Diyabet, her ne dek hasta sayısı çoğalan bir rahatsızlık olsa da artık içten tedavi, yakın peşine düşüp takip ve hasta uyumu ile yüz güldürücü ve etkin sonuçların alındığı bir rahatsızlık haline geldi. Hatta yeni çare yöntemleriyle hastalar, hem şeker hastalığı ayrıca de kalp hastalıkları bakımından daha sağlıklı ayla gelmeye başlamıştır. Dünyada diyabetli 460 milyondan fazla kişinin yanı sıra risk aşağıda milyonlarca insanın bulunmaktadır. İnsülinle beraber diyabete yönelik her geçen yıl çare yöntemleri gelişmekte ve hastaların yaşamları kolaylaştırıp uzatmaktadır.
Bilhassa müşteri 1 diyabetli kişilerde hayat kurtarıcı insülini bulan bilim adamı Sir Frederik Banting ’in doğum günü olması sebebiyle her yıl 14 Kasım, Dünya Diyabet Günü olarak kutlanmaktadır. Her yıl Dünya Şeker Hastalığı Günü etkinlikleri ve kampanyalarında, bir veya daha pozitif sene her tarafında sürekli özel bir temaya odaklanılmaktadır. 2021-2023 teması ‘Diyabet bakımına erişim ’ olarak belirlenmiştir. Çünkü hala dünya çapında milyonlarca diyabetli insan çare ve bakıma erişememektedir. Diyabetli kişiler, durumlarını yönetmek ve komplikasyonlardan sakınmak için kesintisiz bakım ve desteğe gereksinim duymaktadır. İlaç, teknoloji, yardım ve çare, ihtiyacı olan bütün diyabetli insanlara sağlanmalıdır.
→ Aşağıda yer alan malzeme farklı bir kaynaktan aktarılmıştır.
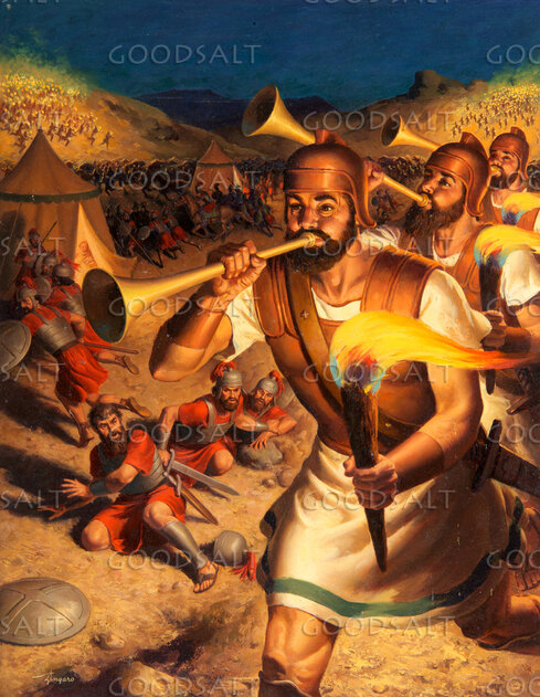 Gideon's soldiers attack the Midianite Camp, blowing trumpets and carrying torches. The remaining 300 soldiers of Gideon are running down nearby hillls toward the Midianite camps. Close up of Gideon's soldiers.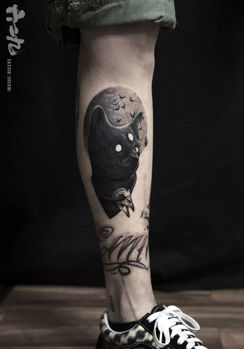 • T网红王老大花腿龙纹身图片_腿部新传统纹身图案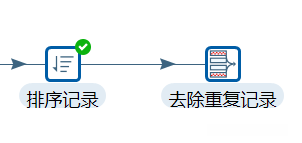 在【去除重复记录】转换工程中,单击【核心对象】选项卡,展开【转换】对象,选中【去除重复记录】组件,并拖曳至右边工作区中,并由【排序记录】组件指向【去除重复记录】组件,建立节点连接,如图所示。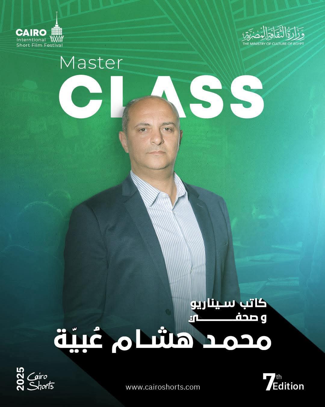 أعلن مهرجان القاهرة الدولي للفيلم القصير عن تنظيم ماستر كلاس بعنوان "كتابة الفيلم القصير استنادا إلى التحقيقات الصحفية والأبحاث العلمية"، يقدمه الكاتب الصحفي وكاتب السيناريو محمد هشام عبية، وذلك يوم الأربعاء 17 ديسمبر في تمام الساعة السادسة مساء بقاعة سينما الحضارة بدار الأوبرا المصرية.

Hükümetler şeker hastalığı bakımı ve önleme yatırımlarını artırmalıdır.
Diyabet açısından çok sınırlı olan çare yöntemleri son yıllarda hem çare seçeneği olarak artmış ayrıca de tedavilerin yan etkileri azalıp etkinlikleri artmıştır. Özellikle iyi kontrollü ve ahenkli diyabet hastalarında yeni çare yöntemleriyle yaşam kaliteleri ve süreleri geçmiş yıllara tarafından çok uzamaktadır. Yeni geliştirilen insülin tedavileri ile birlikte keza ağrısız hem de az sayıda uygulamalar sayesinde hastaları hayat konforundan uzaklaştırmadan etkin ve kilo alma, kan şekerinde düşme gibi şikayetlere yol açmadan tedavi edebilme şansı doğmuştur. bunun dışında şeker hastalığı tedavisinde insülin açık havada birçok yeni ilaç ve çare yöntemi son yıllarda gelişme göstermiştir. GLP1 analogları ve SGLT 2 inhibitörleri gibi yeni tedaviler hastalarda keza kilo kaybı sağlamakta keza de kan şeker regülasyonunu düzenlemektedir. Daha da önemlisi bu tedavilerle birlikte kalp hastalıkları risklerinin azalmakta ve mevcut kalp hastalıklarında iyileşme görülmektedir. Yani hastalar bu tedavi yöntemleriyle ayrıca diyabet hem de yürek hastalıkları bakımından daha dinç ayla gelmeye başlamıştır. Yine son yıllarda diyabetik hastaları, özellikle konut şartlarında ağrısız ya da daha az travma ile kan şeker takiplerini yapabilmeleri amaçlı yeni müşteri glukometreler veya aralıksız kan şeker ölçümü yapabilen cilde yerleştirilen kan şeker ölçüm cihazlarıyla daha yakın kan şeker ölçümü ile daha iyi teftiş sağlama imkanına sahiptir. sonuç olarak şeker hastalığı her ne kadar dünyada ve ülkemizde hasta sayısının gitgide artarak arttığı çok manâlı bir rahatsızlık olsa da bundan böyle doğru tedavi ve yakın peşine düşüp takip ve hasta uyumu ile yüz güldürücü ve etkili sonuçların alındığı bir rahatsızlık olma yolunda ilerlemektedir.